On 5 Mai, 05:35, "Peter K." <koots...@gmail.com> wrote:
> On 3 May, 12:43, Rune Allnor <all...@tele.ntnu.no> wrote: > > > I haven't read Eric and Peter's piece, so I don't know what they > > say about the subject. With that proviso: > > > 'Fast' and 'accurate' are contradictions in terms. Any estimator > > might be *either* fast *or* accurate, but no one estimator will > > be both. > > Yes and no. > > Unbiased estimators can generally only be as accurate as the Cramer- > Rao Lower bound (CRLB) on the variance of such estimators. > > There exist many frequency estimators that meet this bound. > > The ones that Eric and I wrote about meet the CRLB and are faster to > calculate than a periodogram.

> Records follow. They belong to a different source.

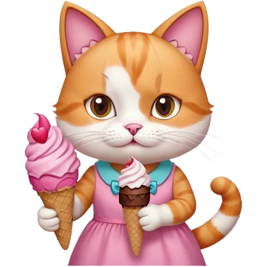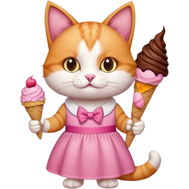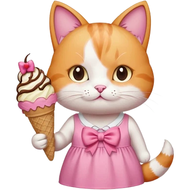 گربهای سفید نارنجی که پاپیون رو سرشه و لباس صورتی تنشه و بستنی شکلاتی قیفی دستشه emoji
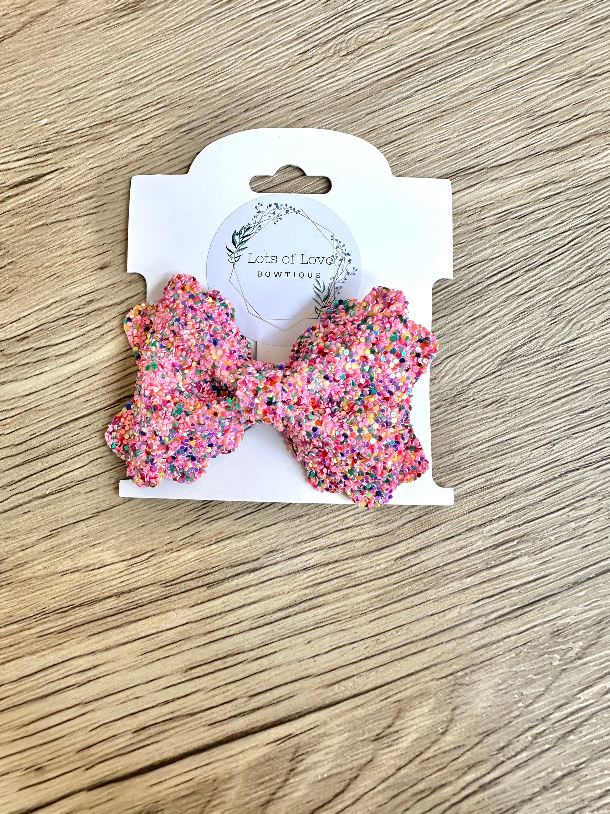 3" scalloped edge bow perfect for girls or can be worn as a bow tie.
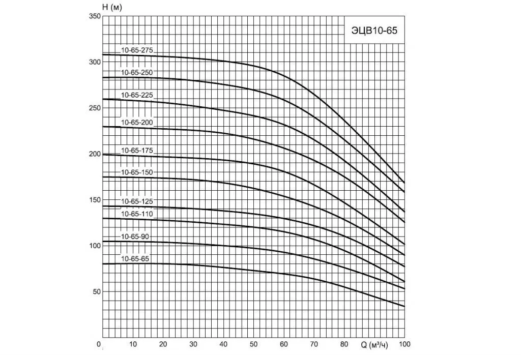 Графические характеристики ЭЦВ 10-65-150н
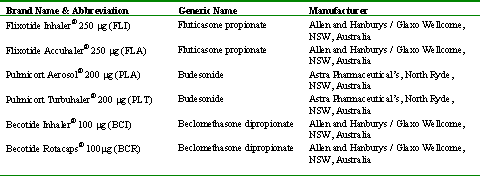 Beclomethasone dipropionate and dexamethasone 21-acetate (analytical standards) were purchased from Sigma Chemicals Co., (St. Louise, MO, USA). Budesonide was obtained by emptying a commercial Pulmicort Turbuhaler® Astra Pharmaceutical's (North Ryde, NSW, Australia). Fluticasone propionate was kindly donated by Glaxo Wellcome Group research (UK). Methanol and acetonitrile HPLC grade were purchased from Biolab scientific, (Clayton, South VIC, Australia). Analytical grade acetic acid was purchased from Rhone-Poulenc Chemicals (Clayton, South VIC, Australia). Glucocorticoid products used in this study are indicated in Table 1.
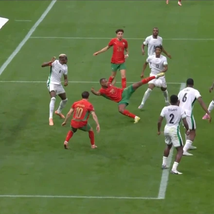 Στον ημιτελικό με την Νιγηρία, ο Ελ Κααμπί του Ολυμπιακού αποπειράθηκε να σκοράρει με το... συνήθη εντυπωσιακό του τρόπο. Δεν τα κατάφερε!
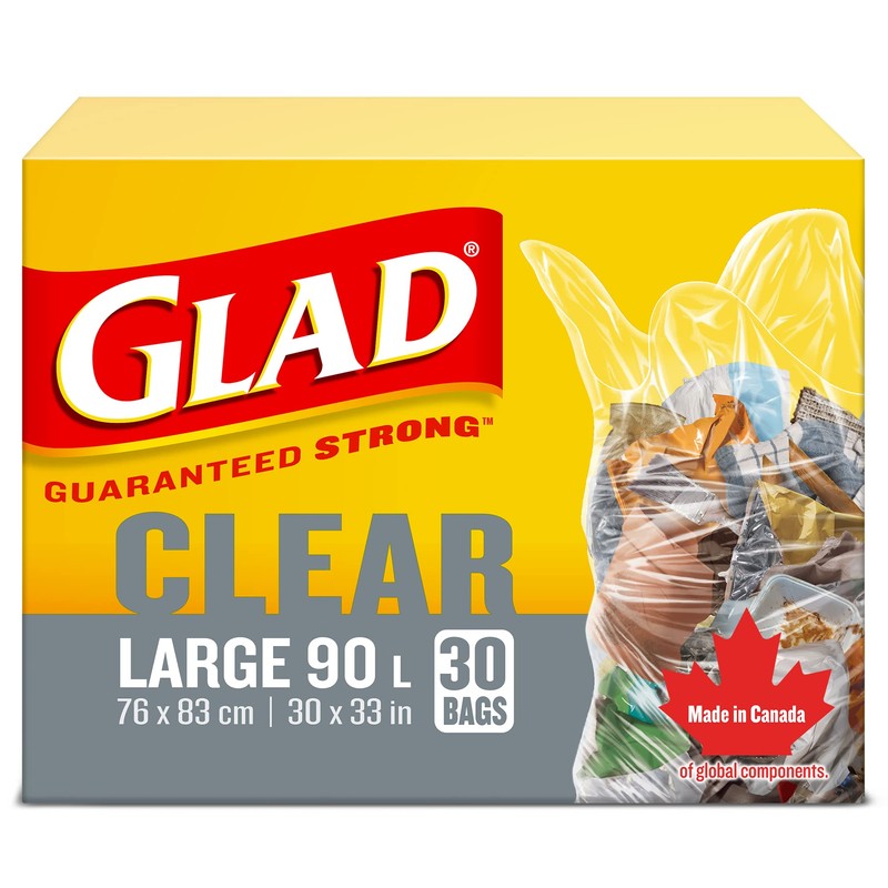 Glad Clear Garbage Bags - Large 90 Litres - 30 Trash Bags, Made in Canada of Global Components
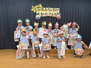 9月のお誕生会を行いました。お誕生日児の子どものなかには、少 ...
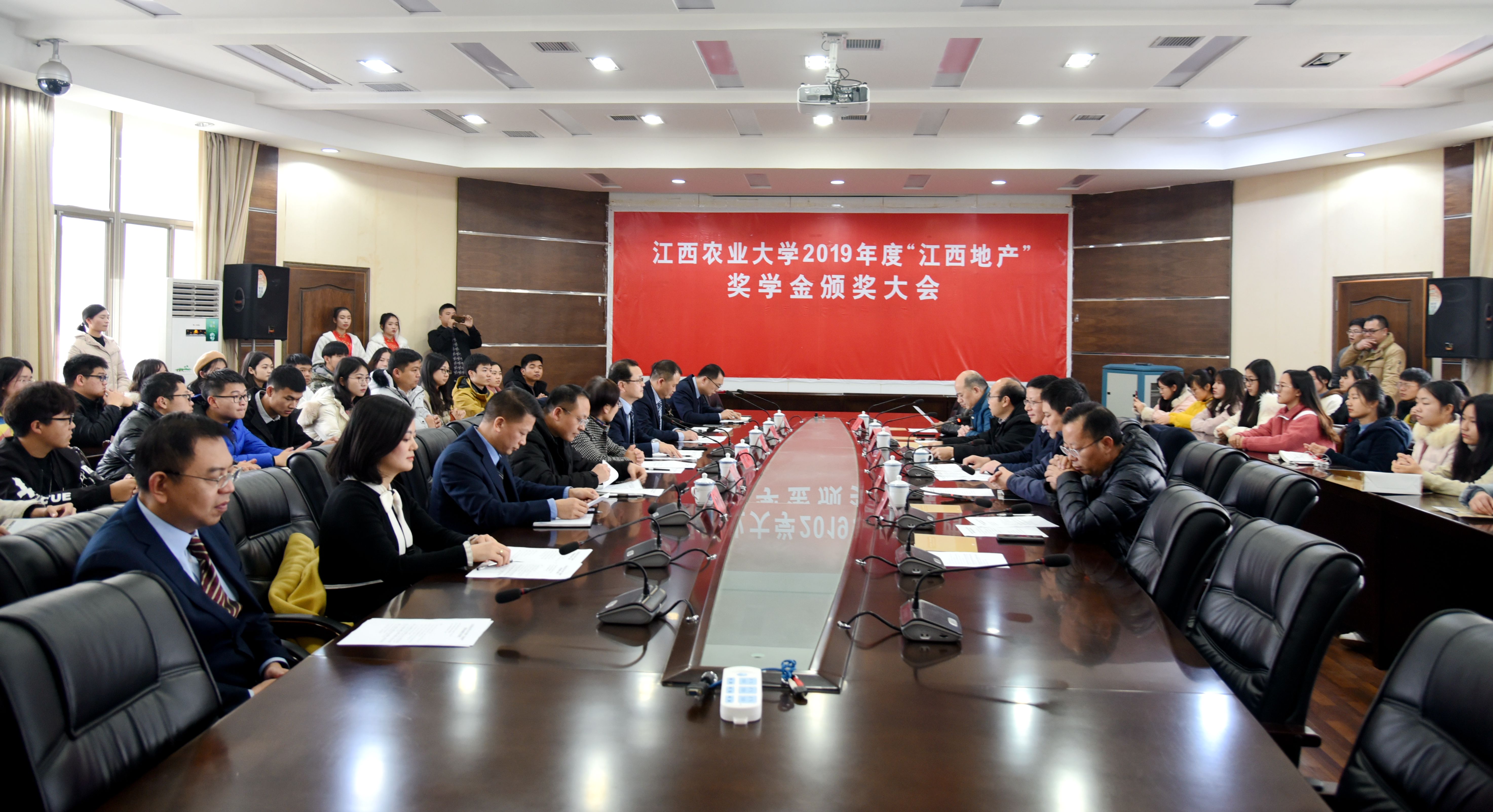 1月3日下午,bat365中文官方网站2019年度“江西地产”奖学金颁奖大会在校办公楼2楼会议室隆重举行。江西大成国资公司党委书记、董事长项文;江西大成国资公司党委办公室主任、董事会办公室主任、综合管理部总经理郭江槐;江西省地产开发集团党委书记、董事长龙兵;江西省地产开发集团党委委员、总经理盛振青;江西省地产开发集团党委委员、副总经理吴其生;江西省地产开发集团党委委员、副总经理文翠玉及地产开发集团中层干部职工代表来我校参加颁奖大会。我校校长赵小敏、副校长刘木华、研究生院院长蔡海生、学工处处长李剑富、国土学院党委书记郭旭、国土学院院长李保同等出席颁奖大会,获奖的22名研究生、本科生同学和部分本科学生代表90余人参加颁奖大会,副校长刘木华主持颁奖大会。
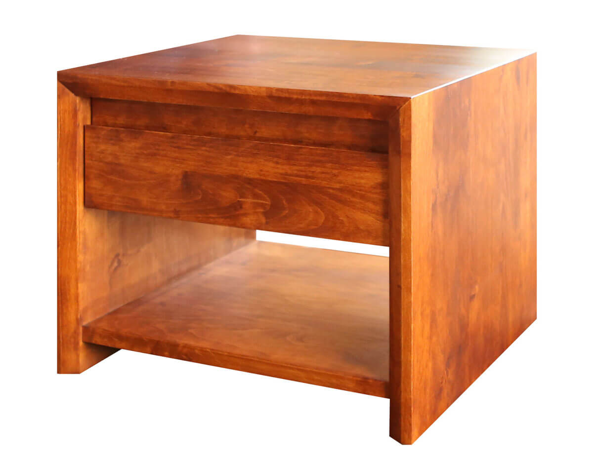 Szafka M-Forma z półką to wolnostojąca szafka wykonana z drewna olchowego lub dębowego, z jedną szufladą umiejscowioną pod blatem i dolną półką. Szuflada zamontowana jest na prowadnicach kulkowych z cichym domykiem. Front szuflady posiada frezowany uchwyt, który ułatwia ich otwieranie. Dolna półka daje dodatkowe miejsce do wykorzystania.

One has one of two options to achiev that kind of thing: 1) Compute only parts of the peridogram 2) Use a model-based frequency estimator Both apporaches rely on prior knowledge / assumptions / prejudice / hearsay about what the spectrum actually looks like, and what one will find. The problem with such approaches is that they are not awfully robust with respect to flawed prior assumptions: If the spectrum line is not in the band where one computes the partial periodogram, one will not find it. If the data do not comply to whatever parametric model the estimator is based on, the computed numbers are little more than mumbo-jumbo. Pulling this to the ridiculously extreme, the fastest frequency estimator is to state the number directly. No computations required. Of course, this relies on that the number is (assumed) known up front. If one states the wrong number, one is screwed. Rune
On 5 May, 05:41, Rune Allnor <all...@tele.ntnu.no> wrote:

> One has one of two options to achiev that kind of thing: > > 1) Compute only parts of the peridogram > 2) Use a model-based frequency estimator > > Both apporaches rely on prior knowledge / assumptions / > prejudice / hearsay about what the spectrum actually looks > like, and what one will find.
Exactly.
> The problem with such approaches is that they are not > awfully robust with respect to flawed prior assumptions: > If the spectrum line is not in the band where one computes > the partial periodogram, one will not find it. If the data > do not comply to whatever parametric model the estimator > is based on, the computed numbers are little more than > mumbo-jumbo.
Agreed. If the signal ain't a sine wave in noise, you'll get garbage. But then anything will give you garbage in that case if you estimate the "frequency".
> Pulling this to the ridiculously extreme, the fastest > frequency estimator is to state the number directly. > No computations required. Of course, this relies on that > the number is (assumed) known up front. If one states the > wrong number, one is screwed.
Ah, but that's a biased estimator! ;-) Such an estimator can, indeed, give a better estimation error than the periodogram.... for precisely the right constant value. ;-) But then you knew that. Ciao, Peter K.